Elegía por el Plan Centro
julio 29, 2011
Juan Ignacio Zoido, alcalde de Sevilla, ha cumplido de la peor manera posible una de sus promesas electorales estrellas. Ha derogado el plan de restricción de tráfico al casco antiguo de la capital andaluza desde la soberbia de un decretazo, con el autoritarismo de quien esta habituado a ejercer desde el ordeno y mando, con la insolvencia de un gobernante que no es capaz de articular un cambio de normativa desde el diálogo y poniendo una alternativa sobre la mesa. El centro de Sevilla se rige desde ya por la ley de la selva. No ha tenido Zoido la grandeza ni la paciencia de articular una opción que proteja el patrimonio y que diera respuesta al interés de la inmensa mayoría de los vecinos del distrito. El alcalde ha actuado como ni no estuviera en el gobierno, como en su época de oposición, planteando críticas o denuncias, pero sin ofrecer sus propuestas. El centro de Sevilla será una jungla de vehículos privados, cualquiera podrá estacionar junto a la Giralda o llegar a las puertas del El Corte Inglés.
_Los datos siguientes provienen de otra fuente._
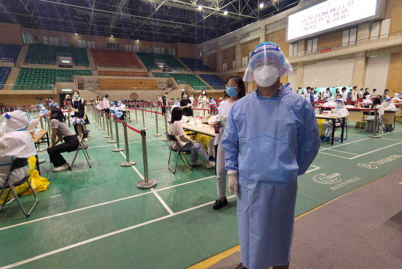 当前,疫情防控处于关键阶段,作为在校青年老师、杰出学者,必须要有自己的担当。能在这个时刻,贡献自己微薄的力量,我义不容辞。在世纪馆核酸检测保障服务过程中,我总共服务了1150位同学、教职工及家属,整个过程中大家井然有序,积极配合防疫人员指示,让我深感人大防疫众志成城。“不积跬步,无以至千里”,相信在全体“人大人”的积极奉献配合之下,我们一定能打赢这场疫情防控阻击战。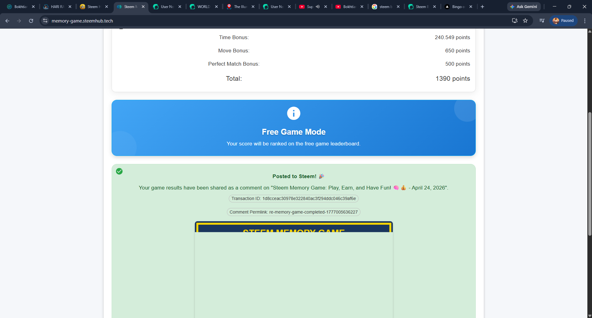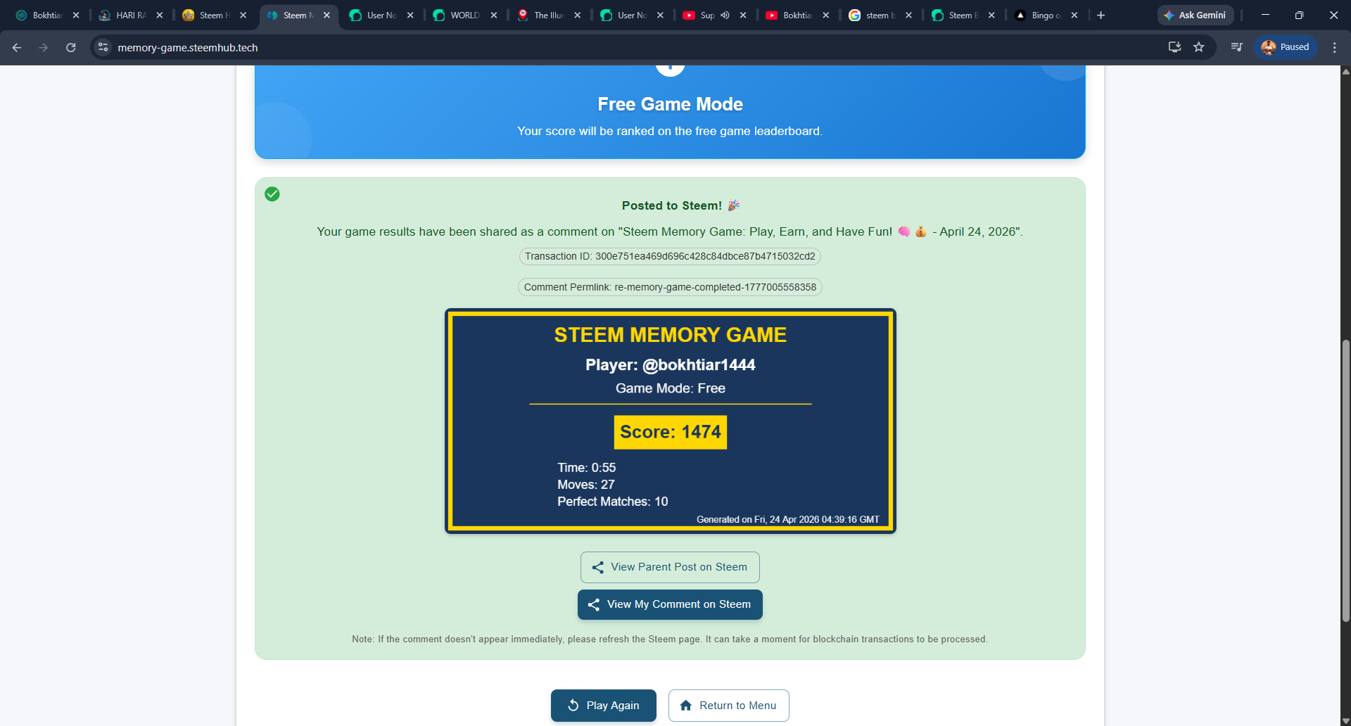 Steem Memory Game | 24 April 2026

Durante unos meses hemos disfrutado de las ventajas y de los avances de otras ciudades que protegen su casco histórico y su patrimonio. Ahora desde la alcaldía se impone con aire marcial la involución, el retroceso, un centro menos habitable, menos sostenible, más contaminado y más caótico. En apenas un mes de mandato, Zoido ya ha tenido su primera manifestación en las puertas del Ayuntamiento. Su gran mayoría obtenida en las urnas no lo exonera de pisotear el sentido común.